Objective Oral contraceptive pills (OCPs) are one of the most popular family planning methods in Sri Lanka. As part of two hospital-based studies on self-harm, the use of OCPs was identified, from yet unpublished results, as a means of intentional self-poisoning. To inform future guidelines for better OCP promotion, this article aims to describe the extent, patient characteristics and outcomes of OCP self-poisoning in the North Central Province of Sri Lanka.
Methods A secondary analysis was carried out on two hospital-based self-harm case series, from January 2011 to June 2014.

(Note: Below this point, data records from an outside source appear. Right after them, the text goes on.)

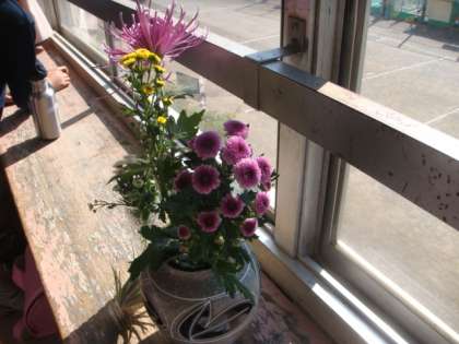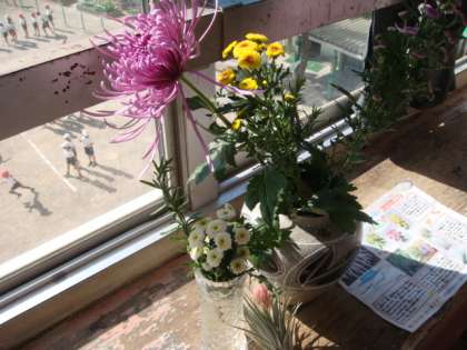 今月の花は「キク(キク科)」「ローズマリー(シソ科マンネンロウ属)」「スプレーマム(キク科)」「チランジア(アナナス科チランジア属)」でした。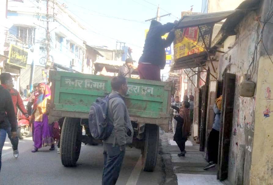 देहरादून, 10 फरवरी। मुख्यमंत्री पुष्कर सिंह धामी द्वारा अतिक्रमण पर प्रभावी कार्यवाई के निर्देश दिए हैं। जिलाधिकारी श्रीमती सोनिका के निर्देशन में अतिक्रमणमुक्त अभियान के अन्तर्गत टीमों द्वारा अतिक्रमण हटाने की कार्यवाही की जा रही है। घंटाघर- चकराता रोड-एफआरआई-प्रेमनगर तक, आदि स्थानों से अतिक्रमण हटाने की कार्रवाई की गई। नगर निगम ने 13 चालान करते हुए रुपए 10700 के अर्थदंड की कार्रवाई की गई, पुलिस द्वारा लगभग 30 चालान करते हुए, रुपए 14700 के अर्थदंड की कार्रवाई की गई। इसी प्रकार आरटीओ द्वारा लगभग 11 चालान करते हुए रुपए 5500 के अर्थदंड की कार्रवाई की गई। जिलाधिकारी ने संबंधित विभागों के अधिकारियों को निर्देशित किया है, कि अतिक्रमण के विरुद्ध नियमित अभियान चलाते हुए, फुटपाथ, सड़कों को अतिक्रमणमुक्त करें तथा किसी भी दशा में उन्हें पुनः अनाधिकृत रूप से अतिक्रमण व किसी भी प्रकार की अवाछनीय गतिविधिया संचालित न होने दे।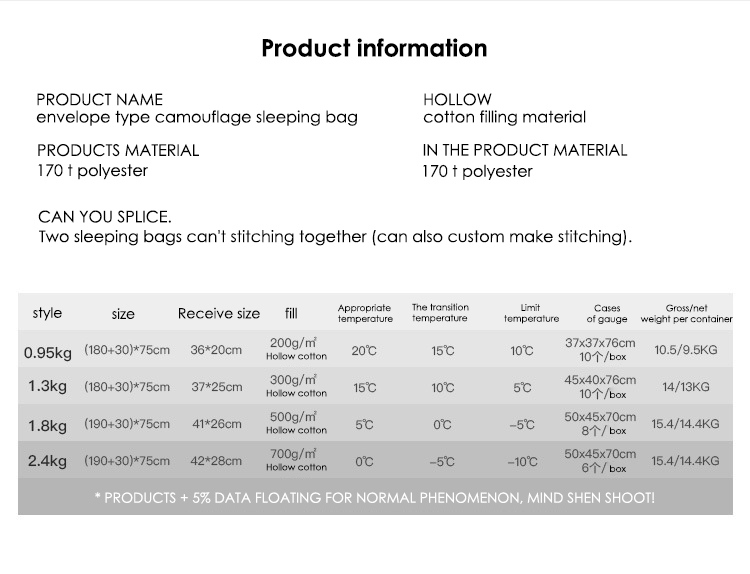 *Large sleeping bag: the super wide sleeping bag adopts a special cylindrical shape, which is longer and wider than the ordinary sleeping bag. The size is 220*85cm. This sleeping bag is very spacious, so you can zip it up and put it in the sleeping bag, just like the bed at home! This Adult sleeping bag is ideal for outdoor activities in autumn, spring, summer and winter. *Warm and comfortable: this sleeping bag provides excellent warmth and comfort. Our camping sleeping bag adopts a Wavy design, which can better fix the cotton and lock every inch of the warm sleeping bag to enhance the warmth of the bottom. Suitable for outdoor activities in autumn, summer, spring and winter. *Four seasons warm: our light sleeping bags can be used in all seasons (spring, summer, autumn and winter). When you are at - 0-12 degrees Fahrenheit (about - 14 degrees Celsius), you will feel warm and comfortable. This 20 degree sleeping bag can keep you warm and comfortable in cold weather and have a nice night! *Detailed design: our ultra light sleeping bag is suitable for backpacks. It has a semicircular hood and an adjustable pull cord to keep your head warm. Double sided zipper at the bottom for quick ventilation and easy zipper from outside or inside. This outdoor sleeping bag can also be folded into quilt or sleeping mat according to your preference. *Light weight and easy to carry: this sleeping bag is very compact and easy to carry. Our adult hot sleeping bags are ideal for cold weather, hiking, backpacking, camping and other outdoor activities. This camping sleeping bag is suitable for adults and teenagers. Our backpack hiking sleeping bag is designed to ensure you have a quiet night after a day of outdoor travel!

Results Fifty-four patients (52 women and two men) with an overdose of OCP as a means of intentional self-poisoning were admitted to one of the surveyed hospitals. The median age of the patients was 19 (interquartile range, 5) years. None of the patients were severely sick from their overdose and two-thirds of the patients were discharged within a day of admission. Intentional self-poisoning with OCPs represented less than 5% of all types of intentional medicine self-poisonings recorded at the hospitals. Information available for a subset of female patients indicates that many cases (13/23, 56.5%) were in their first year of marriage.
Conclusions More research is required to understand why young women in rural Sri Lanka overdose with OCPs as a means of intentional self-poisoning. Although the toxicity of OCPs is low and the public health significance of OCP poisoning remains minor, reproductive health service providers should be attentive to OCP overdose, monitor the development of this problem, and ensure appropriate information to OCP users.
- family planning service provision
- oral contraceptives
- Sri Lanka
Statistics from Altmetric.com
If you wish to reuse any or all of this article please use the link below which will take you to the Copyright Clearance Center’s RightsLink service. You will be able to get a quick price and instant permission to reuse the content in many different ways.
Key message points
This is the first published article describing the deliberate ingestion of oral contraceptive pills (OCPs) as a means of self-poisoning.
Most of the patients who took OCPs for intentional self-poisoning were young women aged between 15 and 20 years within their first year of marriage.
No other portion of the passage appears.